▸ **Task instructions**:
Would you print, word for word, only the lines running from the line with "1. ábra: A Pap-rét Szigliget mellett" to the last line of the entries, without the pictures?

[Items from a data source]
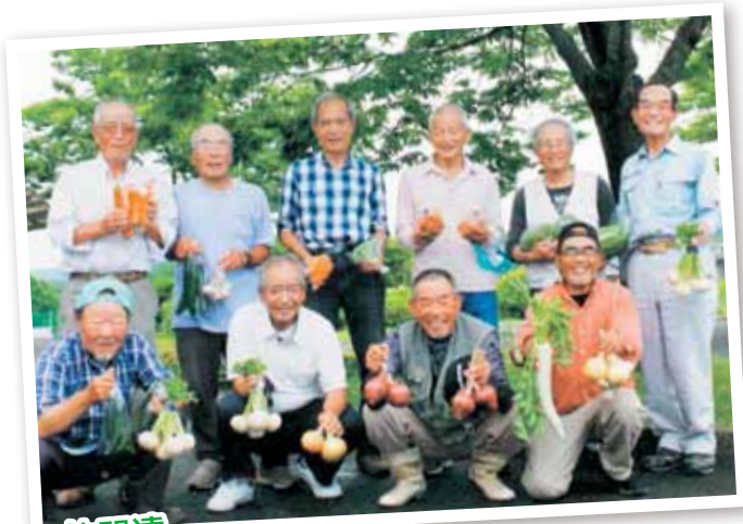
仲間達 若々しいでしょ！
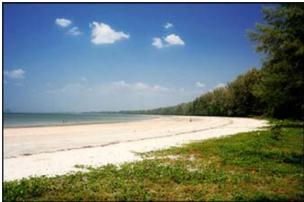
หาดเจ้าไหม
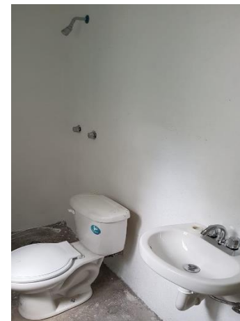
COLOCACIÓN DE MUEBLES DE BAÑO
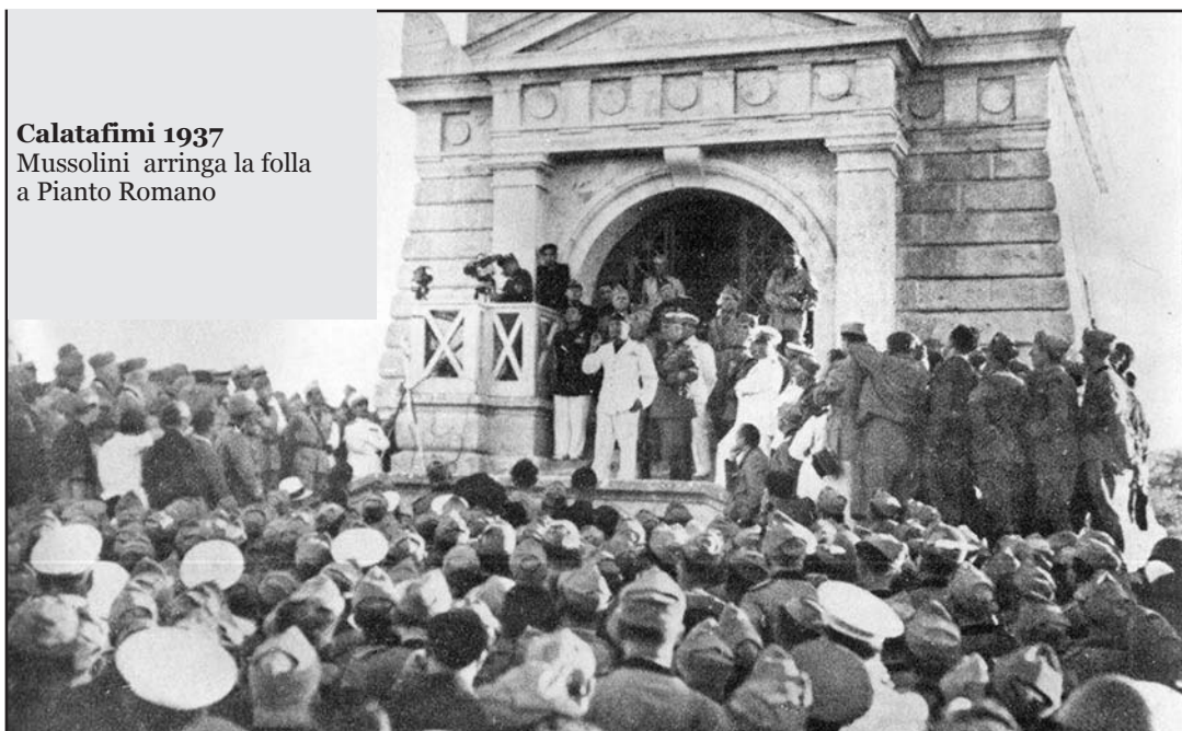
Calatafimi 1937 Mussolini arringa la folla a Pianto Romano
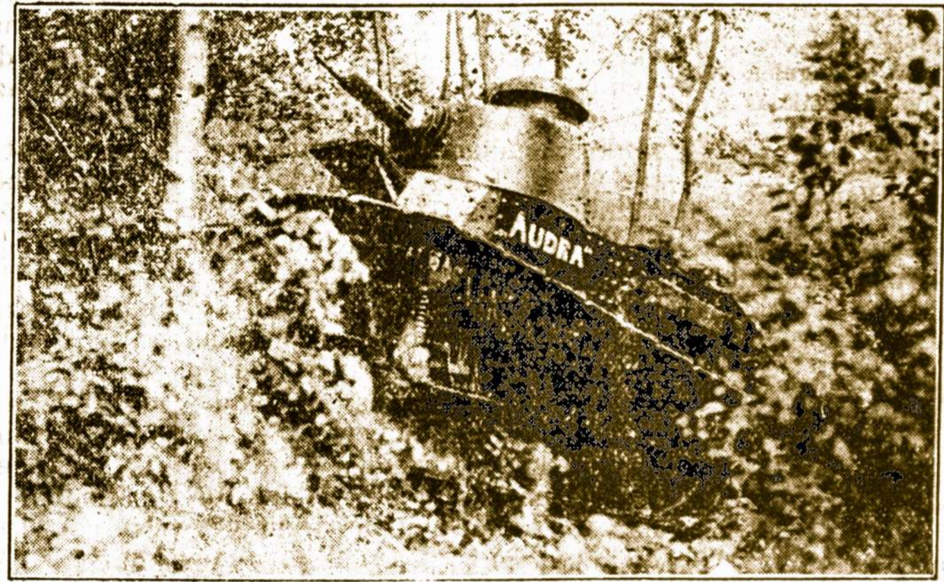
Lieuvos kariuomenės tanka "Audra", šliaužia per tankumynus
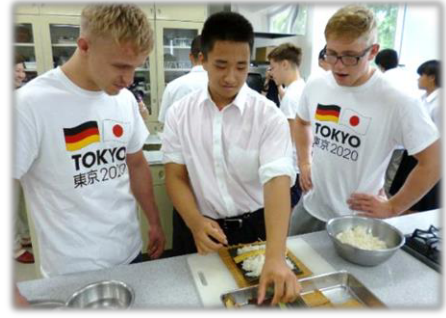
▲ドイツパラ柔道チーム(U21選手含む)と市内高校生との交流
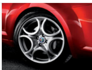
431 חישוקי 17"
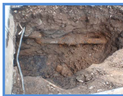
○埋設年数 : 38年 ○所在地 : 北海道
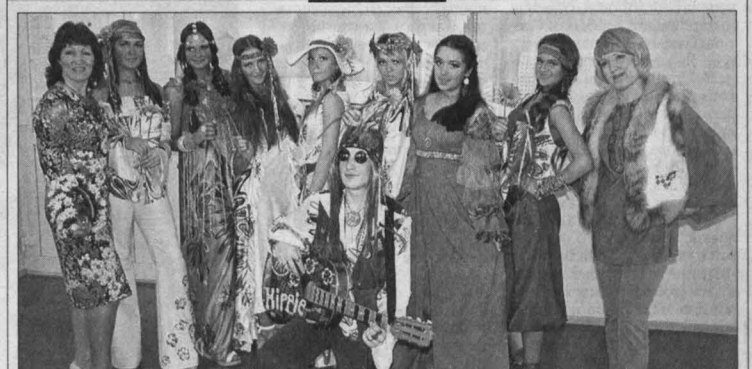
Объединенный творческий коллектив театра моды «Вдохновение» школ №1 и 2 Топок принял участие во II Лиге областного конкурса детских театров моды, школ и студий костюма «Подium-2013». Коллекция «Дети цветов» в стиле хиппи стала лучшей в номинации «Современный молодежный костюм».
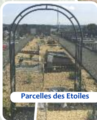
Parcelles des Etoiles
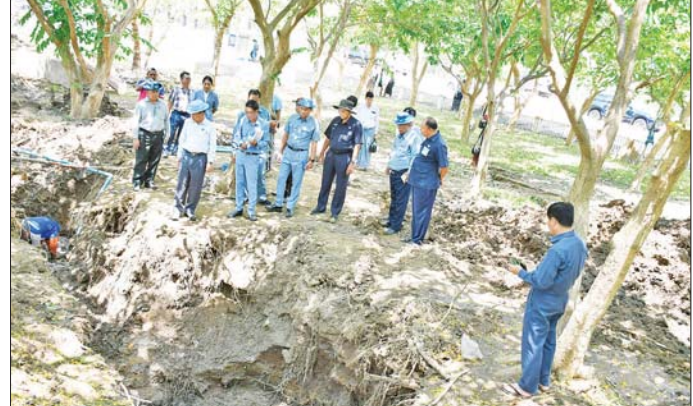
စက်ရုံ အမှတ်(၃) ရေသိုလှောင်ထားရှိမှုနှင့် ရေဖြန့်ဝေနေမှုအခြေအနေ၊ ဥက္ကဋ္ဌရသီရိမြို့နယ် သုခမိနီလမ်း၌ ကလိုရင်းခတ် သန့်စင်စားသည့် သောက်သုံးရေများ ရေသယ်ယာဉ်များဖြင့် ရေဖြည့်တင်းပြီး သယ်ယူပို့ဆောင်ဖြန့်ဝေနေမှု အခြေအနေများကို ကြည့်ရှုစစ်ဆေးသည်။ ယင်းနောက် နေပြည်တော်ကောင်စီဥက္ကဋ္ဌသည် ချောင်းမကြီးရေလှောင်တံခံသို့ သွားရောက်ပြီး တံခံပြုပြင်နေမှုများနှင့် တံခံမြေသားကြွေခိုင်းမှု စစ်ဆေးနေမှုအခြေအနေများ၊ မြေညီရိမြို့နယ်

နေပြည်တော် မေ ၅ နေပြည်တော်ကောင်စီဥက္ကဋ္ဌ ဦးသန်းထွန်းဦးသည် ယနေ့နေ့က ဥက္ကဋ္ဌရသီရိမြို့နယ် မြတ်လေးလမ်းနှင့် နေကြာလမ်းသို့ သွားရောက်၍ ငလျင်ဘေးကြောင့် ပျက်စီးခဲ့သည့် ရေပေးဝေရေး ပိုက်လိုင်းများကို ဝန်ထမ်းများ၊ ယန္တရားများဖြင့် တူးဖော်ပြင်ဆင် ဆောင်ရွက်နေမှုအခြေအနေများကို ကြည့်ရှုစစ်ဆေးပြီး လိုအပ်သည်များ ပေါင်းစပ်ညှိနှိုင်း ဆောင်ရွက်ပေးသည်။ ယနေ့နံနက်ပိုင်းတွင် နေပြည်တော်ကောင်စီဥက္ကဋ္ဌသည် ဥက္ကဋ္ဌရသီရိမြို့နယ် ရာဇသင်္ဂဟလမ်းအနီး ငလျင်ဘေးဒဏ်ကြောင့် ပျက်စီးခဲ့သည့် ပင်မရေပိုက်လိုင်းများ၊ ရေဖြန့်ဝေသည့် ပိုက်လိုင်းများ ပြန်လည်ပြုပြင်နေမှုနှင့် ရာဇသင်္ဂဟအိမ်ရာ(၁) ဝင်းအတွင်း ရေပိုက်လိုင်းများ ပြုပြင်နေမှုကို လှည့်လည်ကြည့်ရှုစစ်ဆေးသည်။ ထို့နောက် ငလျင်ဘေးကြောင့် ထိခိုက်ပျက်စီးခဲ့သော ရာဇသင်္ဂဟလမ်းကို စက်ယန္တရားများဖြင့် ပြန်လည်ပြုပြင်နေမှုနှင့် ဥက္ကဋ္ဌရသီရိမြို့နယ်ရှိ နေပြည်တော် စည်ပင်သာယာရေးကော်မတီ၊ ရေသန့်စင်
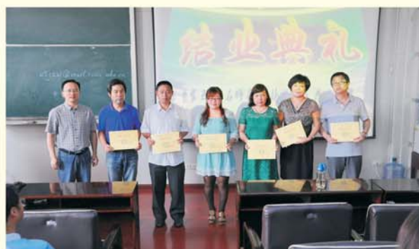
▲ 表彰全国生物培训团队研修项目优秀学员
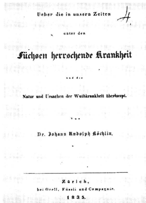
Abb. 1: Titelzeile der Arbeit von J. R. Köchlin über die Fuchstollwut, erschienen 1835 bei Orell, Füssli und Compagnie in Zürich

Von grosser Aktualität kann Köchlin's Archiv für die Schweizer Tierärzte allerdings nicht immer gewesen sein, denn er füllte seine Bogen gelegentlich mit Auszügen aus Medicinal-Berichten von Preussen und Westfalen, die ihm als Sekretär des zürcherischen Gesundheitsrates zugänglich waren. Besser schon, wenn sie das Grossherzogtum Baden betrafen! In Heft 4 des 7. Bandes, das wohl erst 1836/37 erschien, findet sich die Besprechung seiner Broschüre über die Fuchstollwut (Köchlin, 1835), eines allein schon seuchengeschichtlich interessanten Dokumentes.
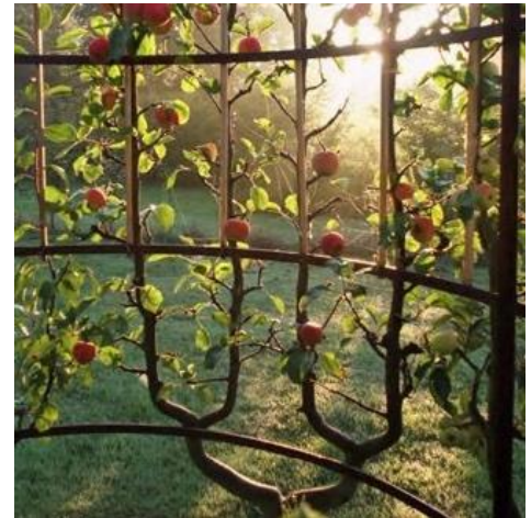
Emblème du collectif L'art de l'espalier
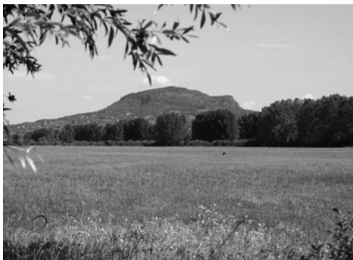
1. ábra: A Pap-rét Szigliget mellett

Az anyag feldolgozását a szerzők végezték. A közölt anyagból egyes példányok helyet kaptak az MTM Bakonyi Természettudományi Múzeumának gyűjteményében is.
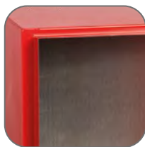
Скошенный желоб препятствует попаданию влаги внутрь
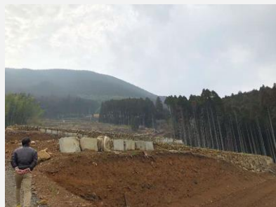
H30.3.1 岳間製茶圃場基盤整備状況視察

▸ **Exercise solution**:
1. ábra: A Pap-rét Szigliget mellett

Az anyag feldolgozását a szerzők végezték. A közölt anyagból egyes példányok helyet kaptak az MTM Bakonyi Természettudományi Múzeumának gyűjteményében is.
Скошенный желоб препятствует попаданию влаги внутрь
H30.3.1 岳間製茶圃場基盤整備状況視察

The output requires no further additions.